The Representative shall promptly deliver to the Company any notices or papers served
upon it in any proceeding covered by this Indemnification Agreement, and the Company
shall defend such litigation at its expense. The Representative shall, however, have the
right to participate in the defense at its own expense unless there is a conflict of interest,
in which case, the Representative shall indemnify the Company for the expenses of such
defense including counsel fees.
The Company shall provide the Representative with a certificate of insurance evidencing
the Representative as an additional insured on the Company’s product liability insurance
policy. This provision shall survive and remain in full force and effect after the
termination or nonrenewal of this Agreement.
10. TERM AND TERMINATION
10.1 Term. This Agreement shall continue in full force and effect for a period of three
years from the date above, unless terminated earlier under the provisions of this
Agreement. Thereafter, this Agreement shall be renewed automatically for successive
additional three year terms under the same terms and conditions unless either party
chooses not to continue the relationship and provides written notice 180 days prior to
the natural expiration of the existing three-year term.
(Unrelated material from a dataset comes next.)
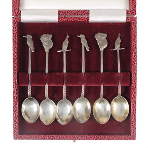 6 Mocca-Löffel, Silber 800/000, sig. W.J.S., verschiedene Tiermotive: Känguru, Koalabär u. Eisvogel, L = ca.94,0 mm, Originalschatulle !

10.2 Termination. This Agreement may be terminated by as follows:
10.2.1. By Company if Representative fails to achieve its annual quota
requirement.
10.2.2. By either party if the other party becomes insolvent or bankrupt, or files a
voluntary petition in bankruptcy, or has had filed for an involuntary petition in
bankruptcy (unless such involuntary petition is withdrawn or dismissed within ten
days after filing) in which event termination may be immediate upon notice; or
10.2.3 By either party if the other party fails to cure any breach of a material
covenant, commitment or obligation under this Agreement, within 45 days after
receipt of written notice specifically setting forth the breach from the other party;
or
10.2.4 By either party if the other party is convicted or pleads to a crime or an
act of fraud that materially impacts on its performance or its fiduciary duties
hereunder, in which event termination may be immediate upon notice.
10.3 Return of Materials. All Confidential Information and other property belonging to
Company shall remain the property of Company and will be immediately returned by
Representative upon termination. Representative shall not make or retain any copies of
any Confidential Information that may have been entrusted to it.
10.4 Return of the Products. Upon the termination of this Agreement, Company shall
repurchase any inventory and instrumentation of the Representative at Representative’s
cost.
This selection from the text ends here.